> _INSTRUCTIONS FOR THE TASK_
Leave out all pictures while you copy the lines exactly from the one with "这款手表是AAAAA 1:1 质量" through the last line of the listing.

> _SUPPLIED INFORMATION_
Start of Block

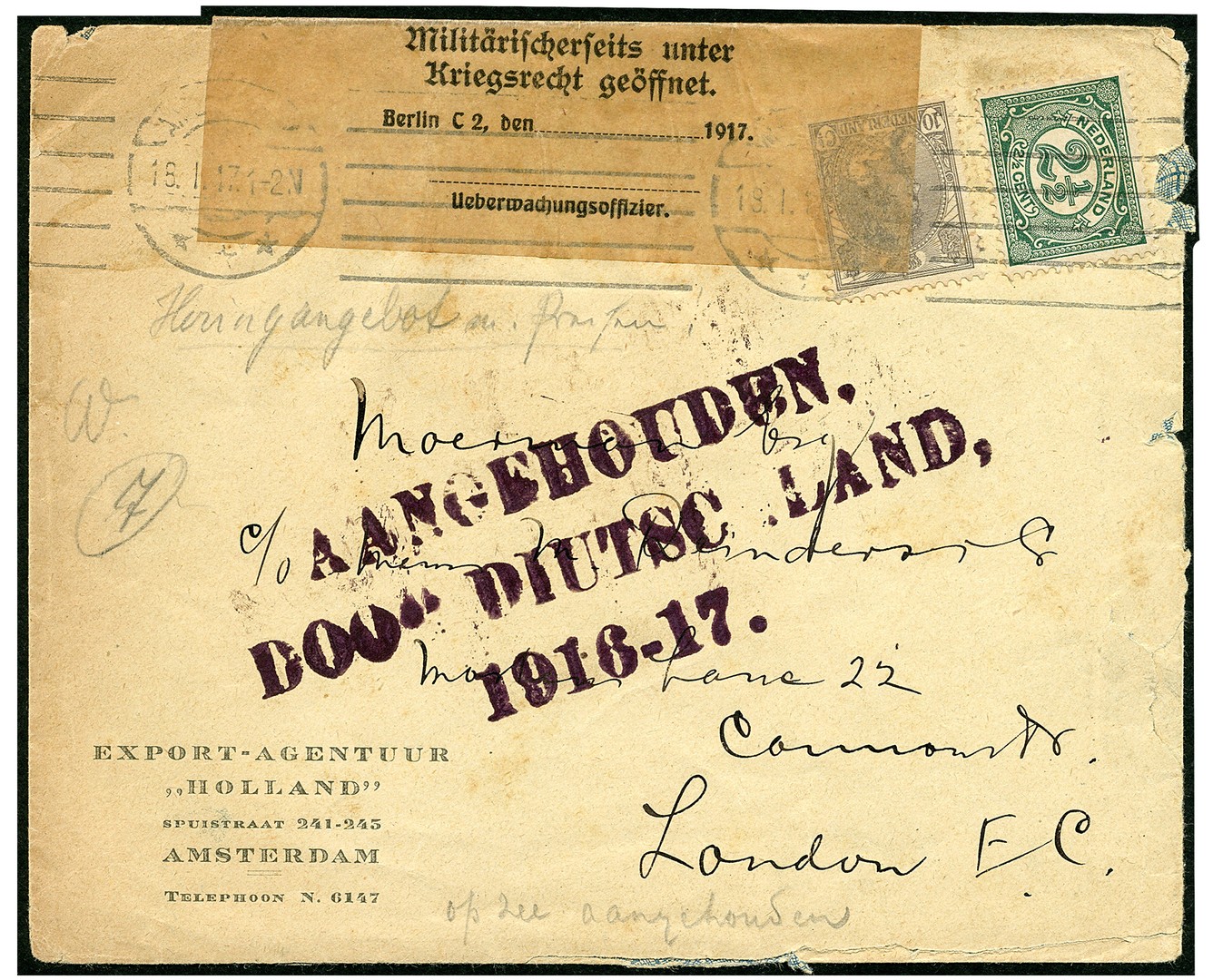 Firmacouvert (rechts wat ruw geopend) gefr. met 2½c en 10c van Amsterdam 161-1917 met bestemming Londen, geopend en voorzien van strook ´Militärischerseits unter/Kriegsrecht geöffnet´ want op zee ´AANGEHOUDEN,/DOOR DIUTSCHLAND,/1916-17.´
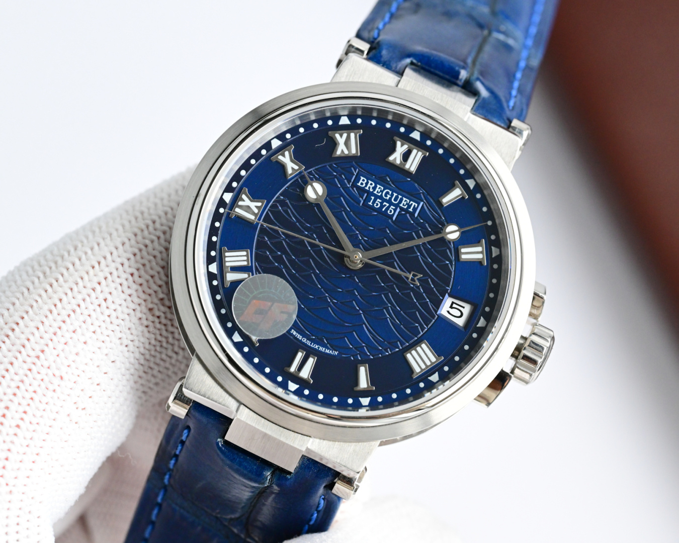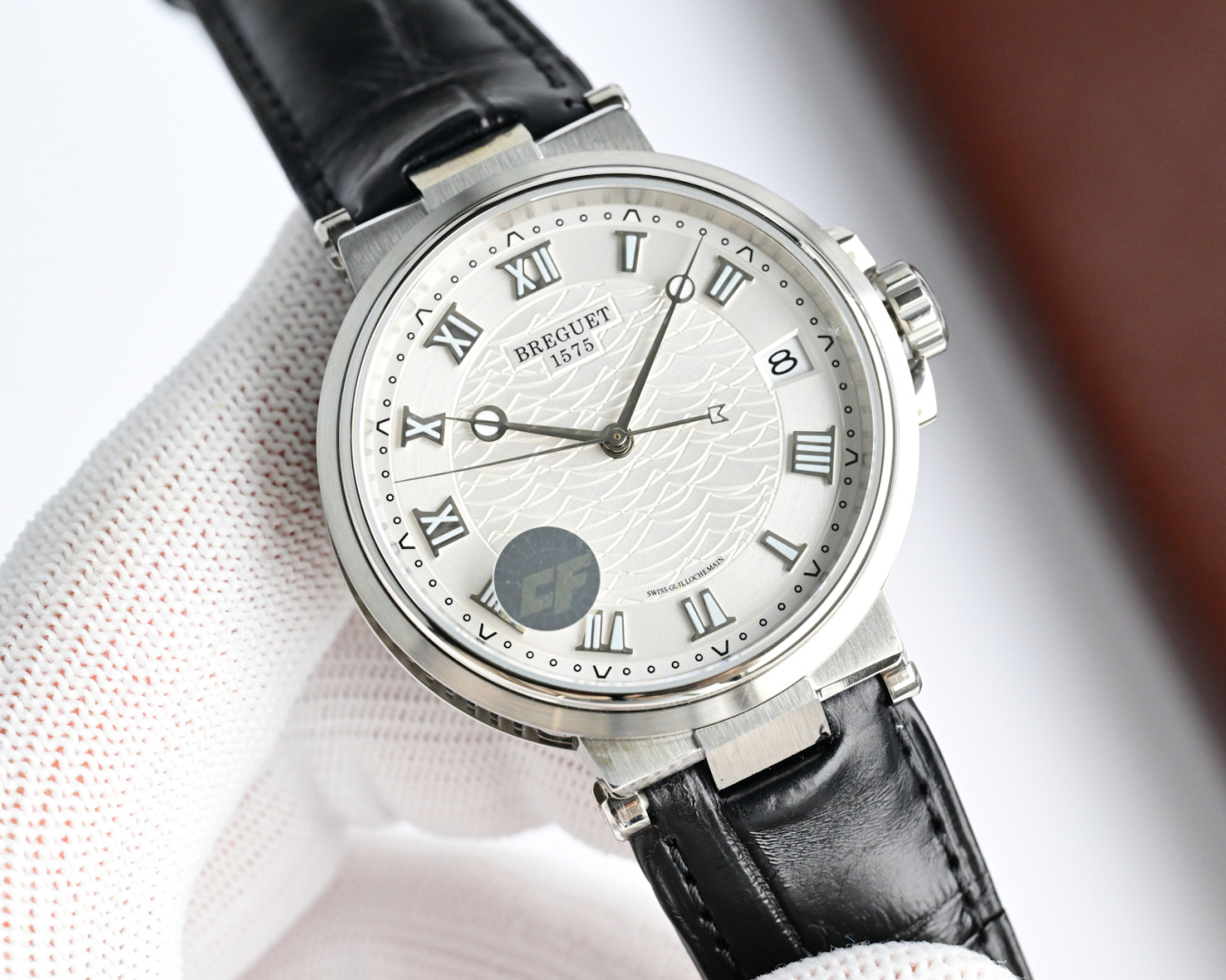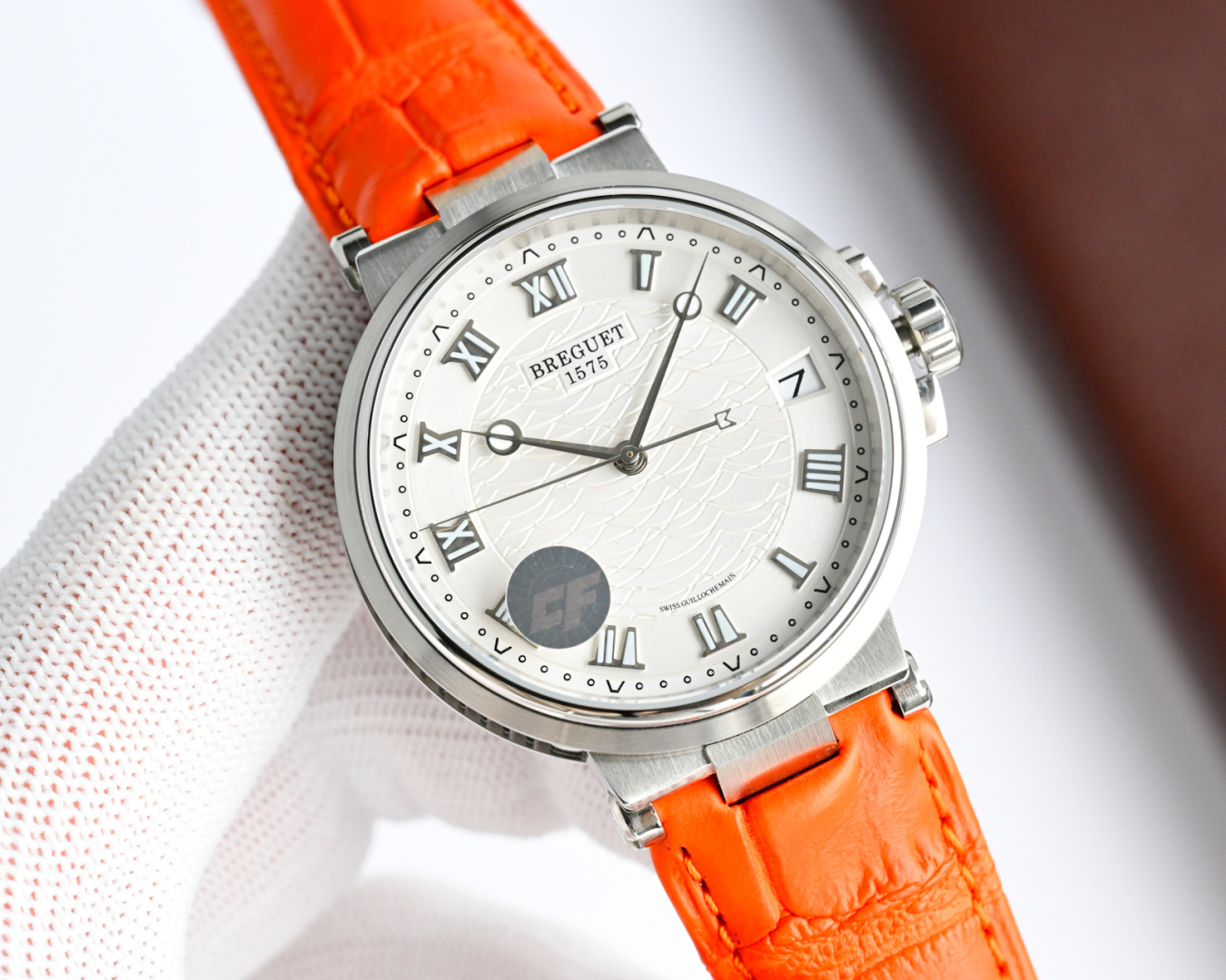 这款手表是AAAAA 1:1 质量 (非常棒). 使用了和原版一模一样的材料. 商标部分也保持了和Breguet一样. 图片拍摄是实物手表拍摄, 您所收到的实物保证和我们图片一模一样.
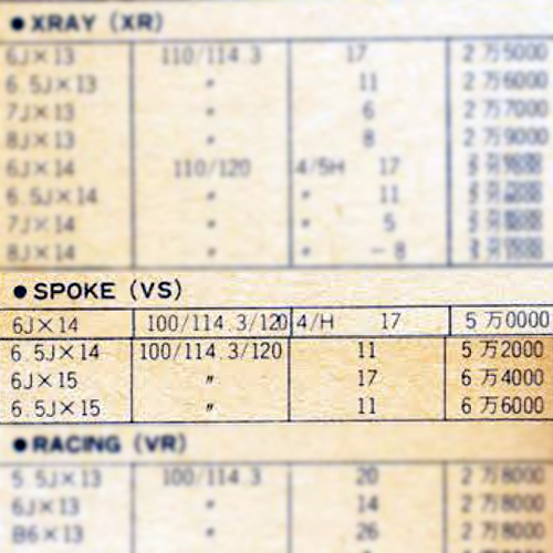 Two different style centre caps were available, with a wider centre disk being offered post 1985. Dubbed, “for high-class cars” the Volk Spoke also carried a very high class price tag. In 1983 the MRSP was 66000円 making it twice as expensive as other Volk wheels at the time.

End of Block

> _EXERCISE RESULT_
 这款手表是AAAAA 1:1 质量 (非常棒). 使用了和原版一模一样的材料. 商标部分也保持了和Breguet一样. 图片拍摄是实物手表拍摄, 您所收到的实物保证和我们图片一模一样.
 Two different style centre caps were available, with a wider centre disk being offered post 1985. Dubbed, “for high-class cars” the Volk Spoke also carried a very high class price tag. In 1983 the MRSP was 66000円 making it twice as expensive as other Volk wheels at the time.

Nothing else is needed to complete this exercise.